Qwen3.6 27B on AMD RX 7900 XT — BIOS & LM Studio Optimization Guide
Getting from 3 tok/s to 35 tok/s on a 20 GB AMD GPU requires fixing three bottlenecks in order:
- BIOS configuration,
- GPU layer offloading
- KV cache management.
BIOS Settings
| Setting | Value | Notes |
|---|---|---|
| Above 4G Decoding | Enabled | Prerequisite — must be on before Resize BAR appears |
| Resizable BAR / SAM | Enabled | Without this, model weights silently load into shared system RAM |
| CSM | Disabled | Blocks Resize BAR from activating even when "enabled" |
| PCIe Slot Mode | PCIe 4.0 x16 | Some boards default to 3.0, halving bandwidth |
| EXPO / XMP | Enabled | RAM at rated speed improves CPU <-> GPU transfer |
Verify in GPU-Z: Resizable BAR -> Yes, Bus Interface → PCIe x16 4.0 @ x16 4.0, dedicated VRAM usage ~17–18 GB when model is loaded.
LM Studio Settings
GPU Offload — Set to 64 (all layers)
Leaving even a few layers on CPU forces every token to cross the PCIe bus. Always offload all layers. (~32 GB/s) instead of staying in VRAM (~640 GB/s).
⚠️ The Layer Trade-Off
With a large context window, all 64 layers on GPU can cause very slow prompt processing because the KV cache overflows VRAM and spills into system RAM. The fix is not to move layers back to CPU — that just trades one problem for another. Fix the KV cache instead (see below).
K/V Cache Quantization — The Key Fix
Set both K Cache and V Cache Quantization Type to Q8_0.

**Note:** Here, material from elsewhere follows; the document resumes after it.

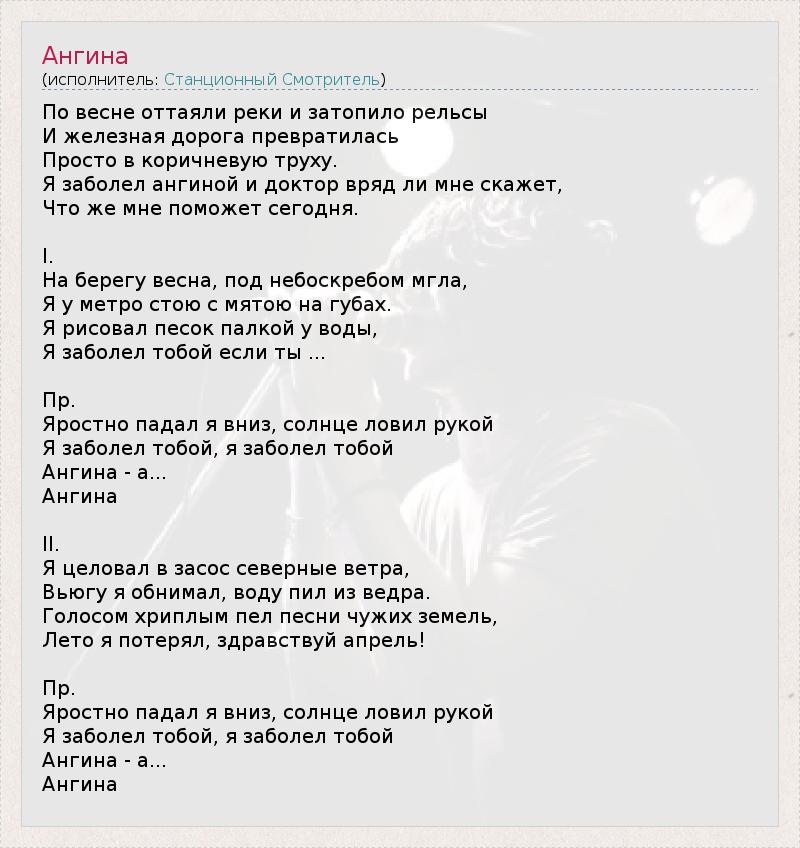 По весне оттаяли реки и затопило рельсы И железная дорога превратилась Просто в коричневую труху. Я заболел ангиной и доктор вряд ли мне скажет, Что же мне поможет сегодня. I. На берегу весна, под небоскребом мгла, Я у метро стою с мятою на губах. Я рисовал песок палкой у воды, Я заболел тобой если ты ... Пр. Яростно падал я вниз, солнце ловил рукой Я заболел тобой, я заболел тобой Ангина - а... Ангина II. Я целовал в засос северные ветра, Вьюгу я обнимал, воду пил из ведра. Голосом хриплым пел песни чужих земель, Лето я потерял, здравствуй апрель! Пр. Яростно падал я вниз, солнце ловил рукой Я заболел тобой, я заболел тобой Ангина - а... Ангина

This halves KV cache VRAM usage with some quality loss (KL divergence < 0.04 on Qwen3.6). It resolves KV cache overflow, restoring fast prompt processing while keeping all 64 layers on GPU. Avoid Q4_0 — it noticeably degrades tool calling and long-context quality on Qwen models.
Other Settings
| Setting | Value |
|---|---|
| Context Length | 50000 (100K causes KV cache overflow) |
| Flash Attention | Enabled |
| Offload KV Cache to GPU Memory | Enabled |
| Unified KV Cache | Enabled |
| Keep Model in Memory | Enabled |
| Evaluation Batch Size | 512 |
Results
| Fix Applied | Tok/s |
|---|---|
| Baseline (no Resize BAR) | ~3 tok/s |
| After BIOS fix | ~7 tok/s |
| After 64 GPU layers | ~18 tok/s |
| After K/V Cache Q8_0 + 50K context | ~35 tok/s |
Final Working Configuration
Model: Qwen3.6-27B Q4_K_M
GPU: AMD RX 7900 XT (20 GB VRAM)
Context Length: 50000
GPU Offload: 64
Flash Attention: ON
K Cache Quantization: Q8_0
V Cache Quantization: Q8_0
Evaluation Batch Size: 512